By the latter end of the month of September, Mr. Collins moved into his house in Devonport-street; the preparations in his painting-room being sufficiently advanced to enable him to work in it. Once established in the new locality of his labours; with more of his sketches, his designs, his relics of Art, about him, than he had ever been able to range in any former studio — with his painting-table, that had belonged to Gainsborough, with his little model of an old woman, dressed by the same great painter’s hand; with the favourite palettes of Lawrence and Wilkie, hung up before him; with all the other curiosities, experiments, and studies in Art, that he had collected, now for the first time conveniently disposed around him; his enjoyment of his new painting-room was complete.
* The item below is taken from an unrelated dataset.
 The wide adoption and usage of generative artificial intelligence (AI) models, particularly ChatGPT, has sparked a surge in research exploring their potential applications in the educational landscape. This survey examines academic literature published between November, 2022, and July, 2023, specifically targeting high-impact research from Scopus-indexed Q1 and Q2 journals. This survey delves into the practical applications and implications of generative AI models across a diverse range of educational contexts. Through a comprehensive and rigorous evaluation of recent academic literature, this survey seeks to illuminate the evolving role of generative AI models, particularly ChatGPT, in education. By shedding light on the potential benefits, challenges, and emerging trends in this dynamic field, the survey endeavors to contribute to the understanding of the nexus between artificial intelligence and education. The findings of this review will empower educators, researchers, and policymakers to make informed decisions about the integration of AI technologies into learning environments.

No gloomy forebodings for the future — so often the result of impaired health in others — interfered with his pleasure in proceeding with the works that he had already begun for the Exhibition of 1844. He now laboured with all the buoyant delight, and more than the ardent ambition of his younger days; declaring that the new scene of his employments would produce from his pencil new efforts in Art, which he had as yet only ventured to contemplate; and that he looked forward hopefully, to such long years of study, as would enable him to exhaust all the designs that lay ready for him in his portfolio, and to show his younger competitors, that he could still toil as industriously and venture as ambitiously as the best of them. Such were the anticipations, which, but three years after were doomed to be numbered in the world-wide record of hopes that have perished. Like Wilkie, he laboured but a brief space in the first painting-room that he had ever completely prepared for his own occupation, before the hand of death arrested his pencil for ever!
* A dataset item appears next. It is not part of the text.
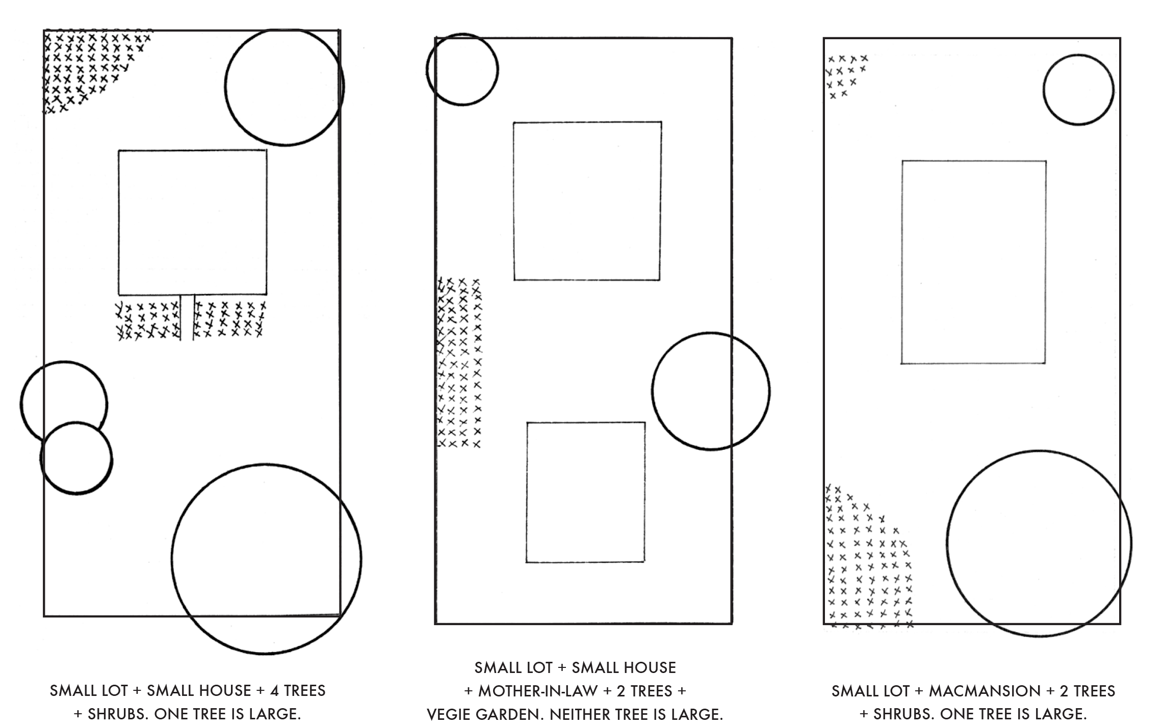 Take a look at any hillside in Seattle and imagine it without those great green cones or the big deciduous trees. Erase them in your mind’s eye. Then tell me what city you are looking at—it’s not nice, and it is certainly not Seattle. The problem is not the size of the lot; the problem is the size of the buildings.

At the close of the year, the painter accompanied Mrs. Collins on a visit to the companions of his German tour, at Southsea. On leaving her there, after a short stay on his part, he returned to London by Southampton, for the purpose of consulting his friends, the two Doctors Bullar, upon the subject of his complaint, which still manifested itself in the continuance of its weakening influence on his general health. Some idea of the result on his own mind, of the opinions formed on his case by his medical friends at Southampton, may be gained from the following letter:

 

“To MRS. COLLINS.

“Devonport-street, January, 1844.

“I stayed with the Bullars at Southampton, where I arrived about twelve on Tuesday, until the one o’clock departure of the train, on Wednesday. 1 found they were all expecting me, with a most hearty welcome; and very difficult it was to tear myself away: but having got over the great difficulty of leaving you, the victory was, without much hard fighting, obtained.
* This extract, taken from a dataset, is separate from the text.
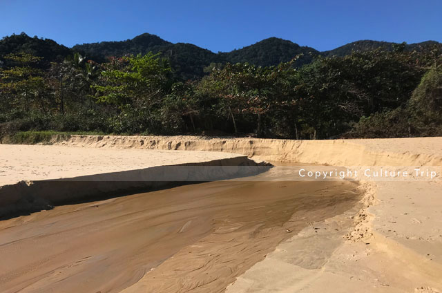 A cet endroit, une petite rivière peu profonde, le Rio Camburi, rejoint de la mer.

“The whole party at Southampton are most friendly, intelligent, and excellent people. The two doctors are indefatigable in my case, and most reasonable and sincere in their lengthened investigation of my symptoms; spending a great deal of their time on the evening of my arrival upon my peculiarities, and not deciding until the following morning, when I was examined before I got out of bed. You will be happy to hear that the report is, thank God, most cheering; provided I scrupulously devote myself to getting well, and keeping so. In all my friends say, I see not one atom of anything fanciful; they are so entirely reasonable, that no one with a grain of understanding could or would attempt to dispute their proposals.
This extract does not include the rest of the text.